Родители Бретта, к слову сказать, были не в восторге от заходов моей матери, но разлучить нас никто и никогда не пытался. Я думаю, они с самого начала были уверены, что всё кончится так, как кончилось. Их принцу я ровней не была, и они верили в силу крови, инстинкты высшей расы, не знаю, во что еще. И знали своего сыночка – если ему в чем отказать, то всё, пиши пропало, он своего добьется. А если дать наиграться – сам бросит потом.
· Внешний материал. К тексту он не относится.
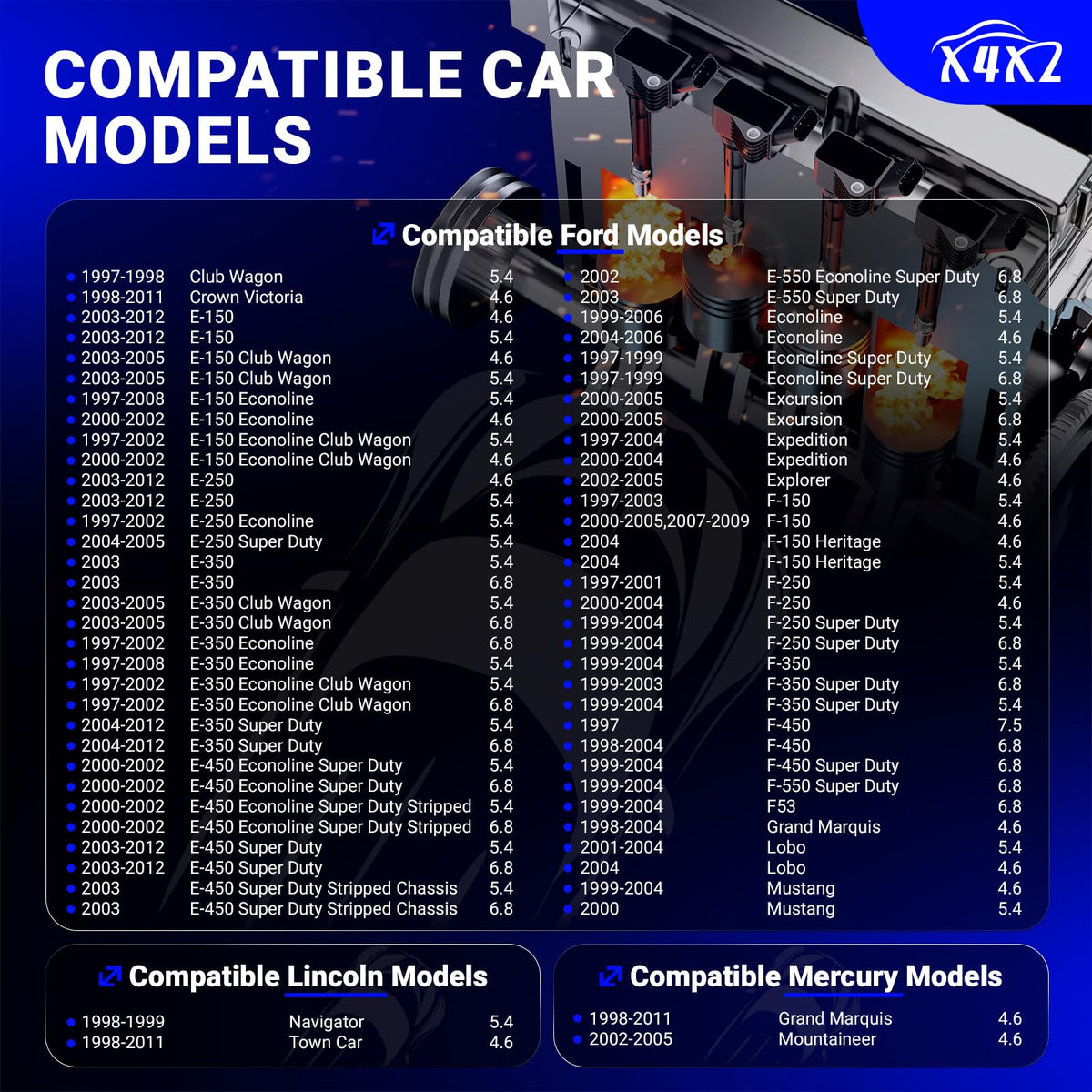 Manufacturer Part Number: Dg508+Sp479 Replacement Part Number: Dg508, Fd503, Fd503T, Dg540, 3W7Z12029Aa, 3W7Z12029Aae, Skic001, Gn10164, 1L2U12029Aa, 1L2Z12029Aa, 1L2U12A366A, 8W7E12A366Aa, F7Tz12029Ab, Cop9, F7Tz12029Cc, F7Tz12A366Ab, 3W7E12A366Aa, 3Wtz12029Aa, F7Tu12A366Ab, F7Tu12A366Cb, F7Tz12029Ba, F7Tz12029Ca, F7Tz12A366Ba,Dg457?, Dg467, Dg473, Dg481, Fd493, Dg491 Compatible With The Following Vehicles: For Ford Club Wagon 1997-1998 5.4 For Ford Crown Victoria 1998-2011 4.6 For Ford E-150 2003-2012 4.6 For Ford E-150 2003-2012 5.4 For Ford E-150 Club Wagon 2003-2005 4.6 For Ford E-150 Club Wagon 2003-2005 5.4 For Ford E-150 Econoline 1997-2008 5.4 For Ford E-150 Econoline 2000-2002 4.6 For Ford E-150 Econoline Club Wagon 1997-2002 5.4 For Ford E-150 Econoline Club Wagon 2000-2002 4.6 For Ford E-250 2003-2012 4.6 For Ford E-250 2003-2012 5.4 For Ford E-250 Econoline 1997-2002 5.4 For Ford E-250 Super Duty 2004-2005 5.4 For Ford E-350 2003 5.4 For Ford E-350 2003 6.8 For Ford E-350 Club Wagon 2003-2005 5.4 For Ford E-350 Club Wagon 2003-2005 6.8 For Ford E-350 Econoline 1997-2002 6.8 For Ford E-350 Econoline 1997-2008 5.4 For Ford E-350 Econoline Club Wagon 1997-2002 5.4 For Ford E-350 Econoline Club Wagon 1997-2002 6.8 For Ford E-350 Super Duty 2004-2012 5.4 For Ford E-350 Super Duty 2004-2012 6.8 For Ford E-450 Econoline Super Duty 2000-2002 5.4 For Ford E-450 Econoline Super Duty 2000-2002 6.8 For Ford E-450 Econoline Super Duty Stripped 2000-2002 5.4 For Ford E-450 Econoline Super Duty Stripped 2000-2002 6.8 For Ford E-450 Super Duty 2003-2012 5.4 For Ford E-450 Super Duty 2003-2012 6.8 For Ford E-450 Super Duty Stripped Chassis 2003 5.4 For Ford E-450 Super Duty Stripped Chassis 2003 6.8 For Ford E-550 Econoline Super Duty 2002 6.8 For Ford E-550 Super Duty 2003 6.8 For Ford Econoline 1999-2006 5.4 For Ford Econoline 2004-2006 4.6 For Ford Econoline Super Duty 1997-1999 5.4 For Ford Econoline Super Duty 1997-1999 6.8 For Ford Excursion 2000-2005 5.4 For Ford Excursion 2000-2005 6.8 For Ford Expedition 1997-2004 5.4 For Ford Expedition 2000-2004 4.6 For Ford Explorer 2002-2005 4.6 For Ford F-150 1997-2003 5.4 For Ford F-150 2000-2005,2007-2009 4.6 For Ford F-150 Heritage 2004 4.6 For Ford F-150 Heritage 2004 5.4 For Ford F-250 1997-2001 5.4 For Ford F-250 2000-2004 4.6 For Ford F-250 Super Duty 1999-2004 5.4 For Ford F-250 Super Duty 1999-2004 6.8 For Ford F-350 1999-2004 5.4 For Ford F-350 Super Duty 1999-2003 6.8 For Ford F-350 Super Duty 1999-2004 5.4 For Ford F-450 1997 7.5 For Ford F-450 1998-2004 6.8 For Ford F-450 Super Duty 1999-2004 6.8 For Ford F-550 Super Duty 1999-2004 6.8 For Ford F53 1999-2004 6.8 For Ford Grand Marquis 1998-2004 4.6 For Ford Lobo 2001-2004 5.4 For Ford Lobo 2004 4.6 For Ford Mustang 1999-2004 4.6 For Ford Mustang 2000 5.4 For Lincoln Navigator 1998-1999 5.4 For Lincoln Town Car 1998-2011 4.6 For Mercury Grand Marquis 1998-2011 4.6 For Mercury Mountaineer 2002-2005 4.6

Ну, наша игра тянулась двадцать без малого лет, и это было, Одуванчичек, чистым и незамутненным счастьем, моей радостью, моим воздухом – чтобы дышать и чтобы летать, опираясь на него, – все дни, и все часы, до последнего. Последний час был кошмаром. Вот я уже почти к нему и подошла. Сейчас еще передышку себе устрою. Ну, самой смешно, конечно: начала, так говори, и чем скорее скажу, тем скорее легче станет, правда? Потому что я в тебе, как в любом из нас, уверена. Даже несмотря на то, как с принцем вышло. Я в нас всех уверена, и вот тут мне хочется говорить не про нас, а про вас. Сказать, что я уверена в вас всех. Но это было бы неправильно. Хотя какие правила взять. Вот, знаешь, есть такой тест Бекдел для книжек и кино. По нему нужно, чтобы в истории было хотя бы две женщины с собственными именами, и чтобы они говорили друг с другом, а не только с мужчинами, и не только о мужчинах. Так вот я бы сейчас этот тест не прошла бы. Вот, я тут, единственная женщина, правда, с именем – даже вот настоящее имя, из детства, и то приплела сюда, и вот я говорю с тобой, с мужчиной, и говорю о мужчинах, и это полный провал. И правда, для меня это всё важно, но вот здесь и сейчас я человек, человеческое существо, и говорю о человеках, о человеческих существах, и это правильно сейчас.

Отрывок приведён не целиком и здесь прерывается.